Jeśli chodzi o South Stream ważne jest to, aby unijne prawo było przestrzegane - mówi rzeczniczka Komisji Sabine Berger. "Nie blokujemy budowy South Stream, trwają konsultacje techniczne na temat tego, co zrobić, aby była ona zgodna z unijnymi przepisami, ale obecnie nie ma jednak żadnych politycznych rozmów w tej sprawie. Musimy bowiem brać pod uwagę rozwój sytuacji politycznej” - dodaje.

Według Komisji wszystkie dwustronne porozumienia dotyczące projektu są niezgodne z unijnymi przepisami.
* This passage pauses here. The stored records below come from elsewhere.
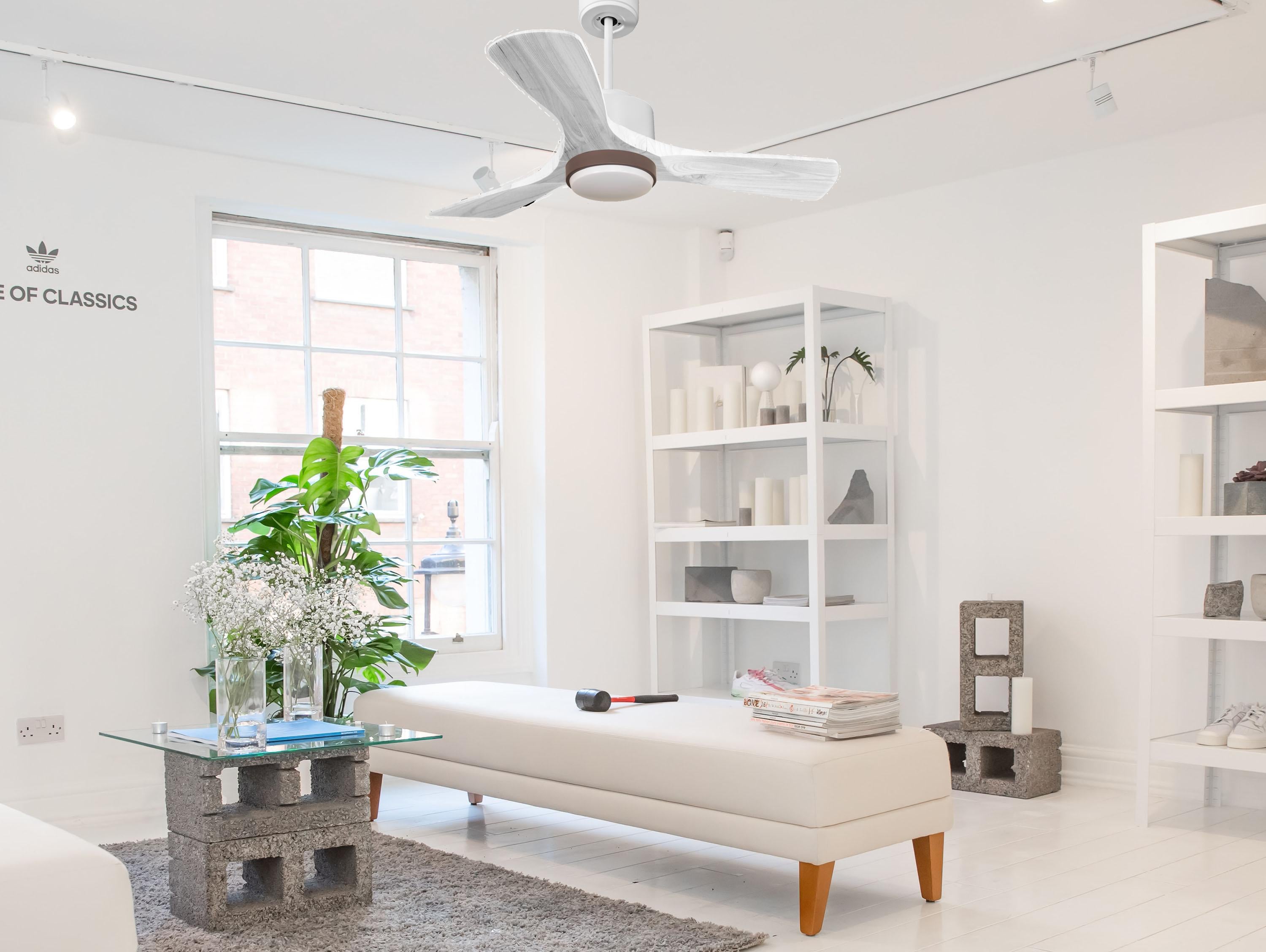 Las palas aerodinámicas de madera balsa maciza otorgan al ventilador una gran ligereza. Han sido artesanalmente tratadas para estar equilibradas y no producir ningún tipo de vibración. Este modelo de 3 aspas acabadas en madera blanca tiene un diámetro de 106 cm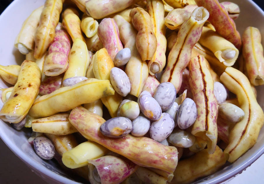黄金钩油豆角可以算是豆角中的极品,它的色泽金黄,形状弯曲如钩,因此得名。整根豆角的粗细均匀,子粒饱满,成熟后的豆荚上会带有红色的条纹,看起来很漂亮。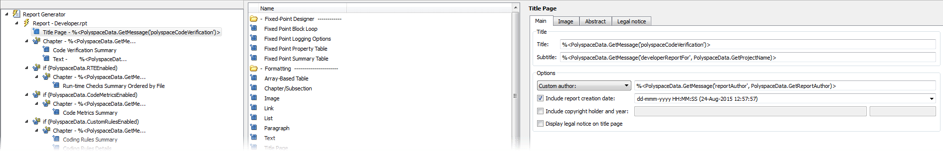 Шаблон разработчика находится в где polyspaceroot/toolbox/polyspace/psrptgen/templates является папкой установки Polyspace.polyspaceroot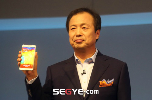 | ▶ 삼성전자 신종균 사장이 갤럭시 노트3를 선보이고 있다. /사진=삼성전자 |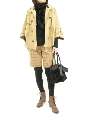 トレンチにチェックのパンツ・・。ブリティッシュなコーディネートはミニマムなデザインを選ぶとキュートな印象に!フェミニン度90%、アクティブ度10%。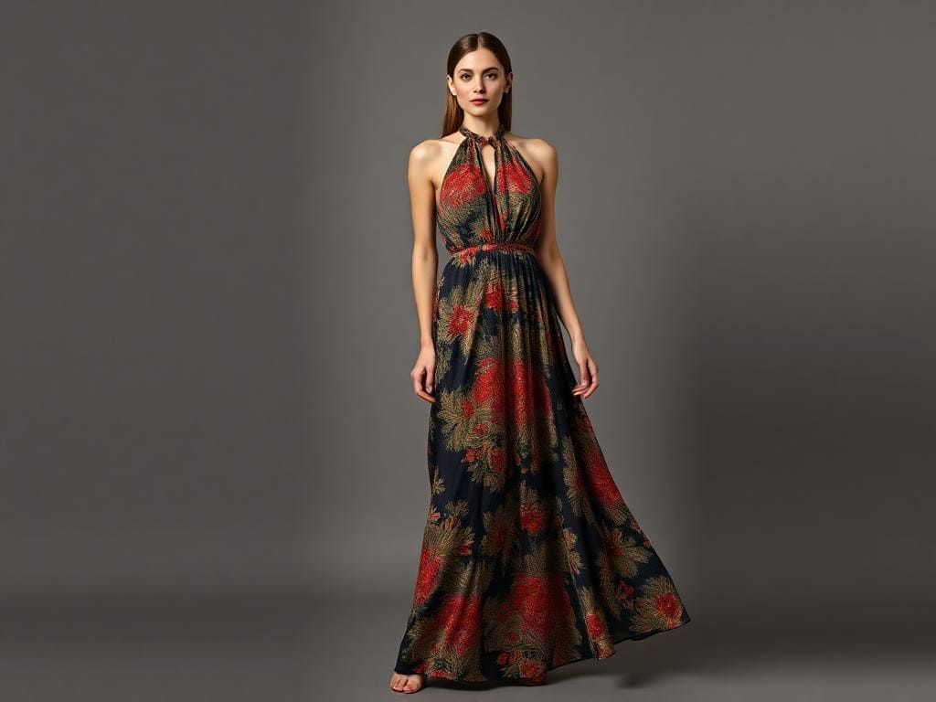 Halter yaka detayı ile cesur bir şıklık, uzun formuyla zarif bir siluet yaratır.

Chodzi o zasady, zgodnie z którymi jeden koncern nie może być zarówno producentem gazu, jak i właścicielem gazociągu, dostęp do infrastruktury przesyłowej musi być konkurencyjny, a system taryf ustalany przez niezależnego operatora. W świetle obecnych porozumień Gazprom ma uprzywilejowaną pozycję.

Spotkania robocze przedstawicieli Rosji i Komisji Europejskiej odbyły się w marcu i kwietniu.